Description
I am sorry for repeatedly opening soundness issues, but I fear that using NumPy's writeable
is insufficient to protect safe code from mutable aliasing.
At least it seems incompatible with a safe as_cell_slice
as demonstrated by the following test failing
#[test]
fn alias_readonly_cell_slice() {
Python::with_gil(|py| {
let array = PyArray::<i32, _>::zeros(py, (2, 3), false);
let slice = array.as_cell_slice().unwrap();
let array = array.readonly();
let value = array.get((0, 0)).unwrap();
assert_eq!(*value, 0);
slice[0].set(1);
assert_eq!(*value, 0);
});
}
which implies that as_cell_slice
cannot be safe. (I am not sure if it adds anything over as_array(_mut)
at all viewed this way. I think a safe method that yields an ndarray::RawArraView
might be preferable to handle situations involving aliasing.)

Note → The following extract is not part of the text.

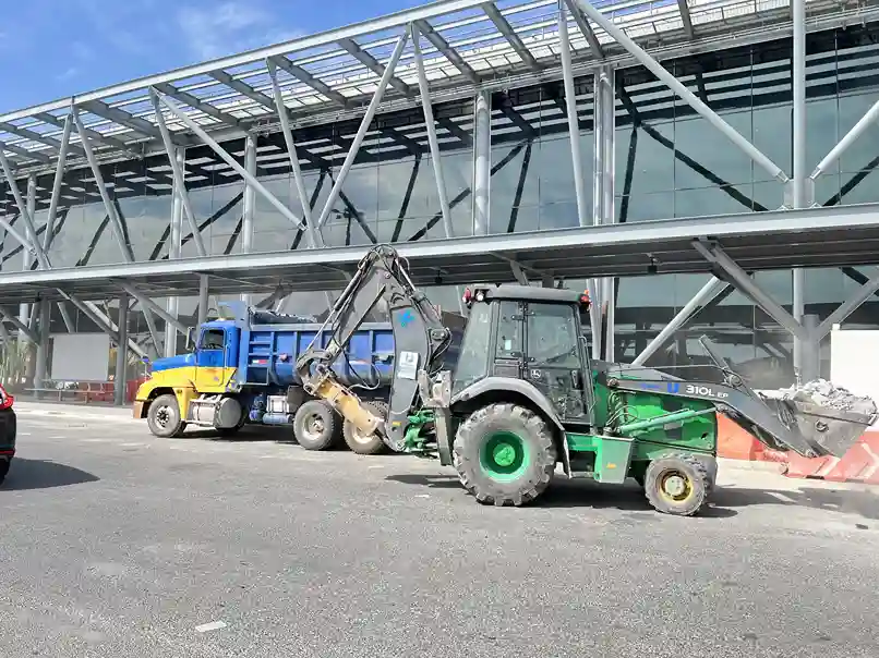 - Retroexcavadoras, excavadoras y camiones de volteo

Another issue I see is that Python does not need to leave the writeable flag alone, i.e. the test
#[test]
fn alias_readonly_python() {
use pyo3::py_run;
Python::with_gil(|py| {
let array = PyArray::<i32, _>::zeros(py, (2, 3), false);
let array = array.readonly();
let value = array.get((0, 0)).unwrap();
assert_eq!(*value, 0);
py_run!(py, array, "array.flags.writeable = True\narray[(0,0)] = 1");
assert_eq!(*value, 0);
});
}
also fails, but I have to admit that this might be a case of "you're holding it wrong" as I am not sure what guarantees we can expect from the Python code? (After all PyArray<A,D>: !Send
which Python code does not need to respect either even just trying to access an array and thereby checking its flags from another thread might race with us modifying the flags without atomics.)